The downside of this surge in worker demand is the same rise in wages, which has hit companies already struggling with high input costs. While some specific niches (used cars are one prominent example) have recently shocked consumers with stickers, economists are pushing prices up. Inflationary pressures are primarily scrambled supply chains and businesses. Says it is caused by a lack of key components that increase the cost of the car.
“Recently, we know that the biggest stimulus for inflation is related to supply constraints,” Hamrick said, but these cost pressures may be eased for some companies. He added that he couldn’t. “I see some dominoes falling … petrol may have peaked, we’ve already turned that corner with lumber.”

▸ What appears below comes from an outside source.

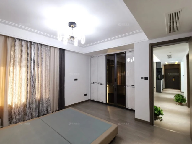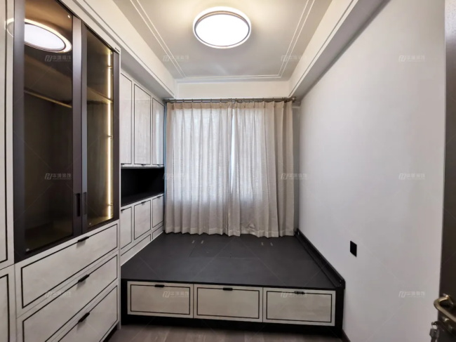 次臥是榻榻米房間,多儲物、休閑。這里有個小心思設計,衣柜櫥窗內(nèi)部裝了筒燈,而且柜門是透明的,這樣后期方便挑選衣物。

Economists, on the other hand, believe that they have not yet fully seen the impact of rising wages on prices. Aoifinn Devitt, Chief Investment Officer of investment adviser Moneta, said: “As for the upward pressure on wages … it hasn’t peaked yet,” she predicted. “I think it’s pretty close to the peak.”

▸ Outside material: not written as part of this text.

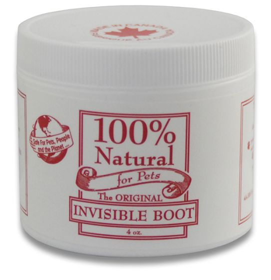The 100% Natural Invisible Boot is a non-toxic cream that protects pads from cold, salt, ice and snow. Completely natural and lickable, the invisible shield soothes and moisturizes chapped and cracked pads.

The hurdles to fully reopening school for face-to-face learning can jeopardize the return of businesses under pressure to fill their jobs.
“Recent data suggest that there is much less labor slack than the unemployment rate suggests. If the labor shortage continues, wages are ready to rise further and more. Government spending will act as an additional booster, “said Joseph Flavorguna, managing director and chief economist of the Americas in Natixis, in a study. Note.. “It looks like a further recovery in the labor market is imminent, but it can be accompanied by an upward inflation risk,” he said.
Some people think this is already happening. Infrastructure Capital Management’s portfolio manager Jay Hatfield suggests that accommodative monetary policy and trillions of fiscal stimulus measures have already overheated the economy, with more than 10 million jobs at the end of June as evidence. did. “Job vacancies are also exacerbated by supplemental pandemic unemployment programs that discourage people from returning to work,” he said.
This is an issue between labor economists and policy makers, with some arguing that lack of childcare and fear of the coronavirus are more influential factors than keeping workers on the sidelines.
“For many, I think the problem is not finding the right childcare. Perhaps next month’s reopening of school will alleviate many of those concerns,” Stova said.
Optimistically, this could jeopardize the return of businesses under pressure to fill their jobs to normal, with the hurdles of fully resuming school for face-to-face learning. He added that it suggests. As always, the coronavirus is still the largest X factor. “If the delta variant raises more concerns from school systems and parents, I think it will take some time for the supply demand curve to reach equilibrium,” he said.
Apart from keeping workers out of the loop longer, the resurrected virus can have a spillover effect that distorts labor demand, said Nick Banker, Indeed.com economist. “Slow returns to face-to-face offices can slow down the progress of attendant work in some downtown business districts,” he said.
“There are short-term concerns about delta variants. I think this wave of virus can weigh heavily on both labor supply and demand,” Banker said. “Going to a restaurant, going to a large social gathering, [patronize] Another kind of business with lots of people together, “he said.